Democracies should have shifted their focus from content moderation to the governance of digital platform design years ago. And as soon as Elon Musk bought Twitter (in October 2022), they should have known and acted on the risk of hostile ownership of critical infrastructure for our democracy and security. As social media platforms have started their terminal decline, our battle can no longer be against their content, nor only against their design, but for what comes next: the transition from our information ecosystem being dominated by social media platforms to one dominated by artificial intelligence.
Instead, the European Democracy Shield is still fighting yesterday’s war with soft measures like fact-checking, media literacy and more coordination. While these may be useful, they are insufficient to counter systemic drivers of ‘old’ information manipulation and are wholly unprepared to tackle AI. So let’s not pretend that the Shield, nor its proposed European Centre for Democratic Resilience will protect us from Foreign Information Manipulation and Interference (FIMI), let alone from hybrid threats. And they certainly won’t shield democracy from the three converging trends that threaten its existence.
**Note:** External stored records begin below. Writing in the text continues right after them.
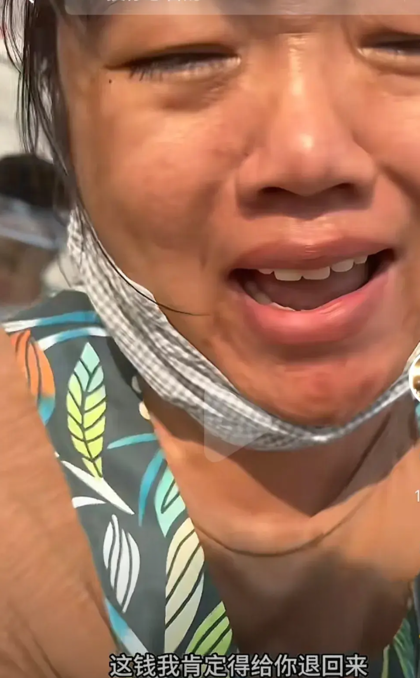 这时,趁女子没注意,男子掏出手机就钱,“收款50000元……”,听着语音播报,女子顿时泪流满面,忙去阻拦: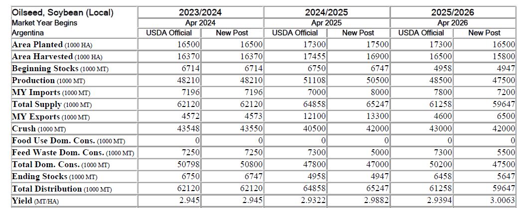 En lo que respecta a la nueva campaña 2025/26, los ténicos del USDA presentes en la Argentina elevaron su pronóstico para las exportaciones de soja en un millón de toneladas para ubicarlas en 6,5 millones, lo que implica que prevén que la demanda china de poroto argentino seguirá firme.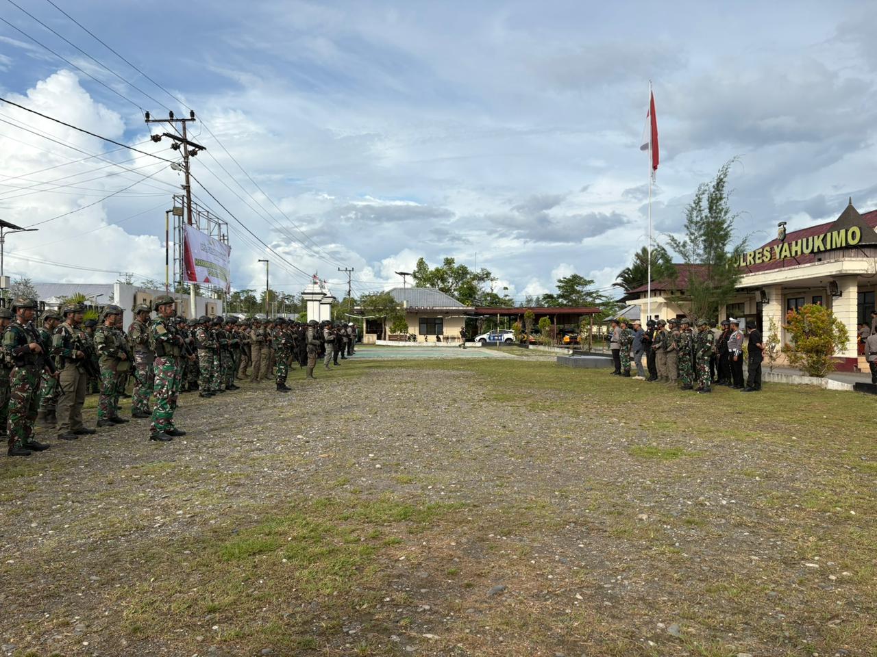 Yahukimo – Untuk mengantisipasi potensi kerawanan keamanan menjelang 1 Desember 2025, serta menyambut Natal, TNI-Polri di Kabupaten Yahukimo menggelar apel dan patroli skala besar yang berpusat di Mapolres Yahukimo, Minggu (30/11/2025). Kegiatan ini dipimpin Wakapolres Yahukimo Kompol Komarul Huda bersama Dandim 1715/Yahukimo, Letkol Inf Didiet Trilaksono,S.M.,M.H.I.
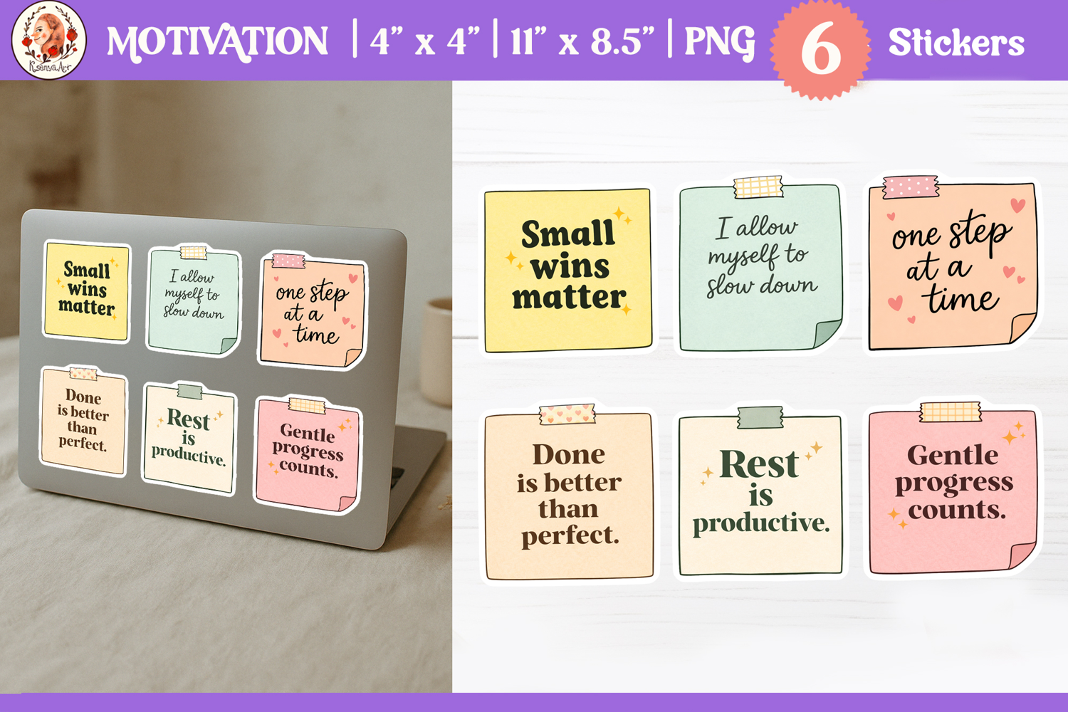 This uplifting Motivation Stickers includes 6 cozy affirmation designs styled as cute pastel sticky notes with soft colors, gentle typography, and comforting messages. Each sticker features a positive reminder like “Small wins matter,” “Done is better than perfect,” and “Gentle progress counts,” designed to support mindfulness, productivity, and self-care.

Never let a good crisis go to waste
Sadly, we must conclude that the EU is still doing too little to defend our democracies against foreign interference, to prevent further polarisation and erosion of democracy “at home” and to protect our democracies from technological challenges. Worse, it doesn’t seem to acknowledge that these threats are interconnected and are now converging.
The writing has been on the wall for more than a decade. Now that Putin, Trump and tech bros seem to share similar goals, how many more wake-up calls do we need? Are we going to “wait and see” until, one by one, all European democracies are captured? Or will we heed the frog’s warning that we must jump out of the warming water before we are boiled alive?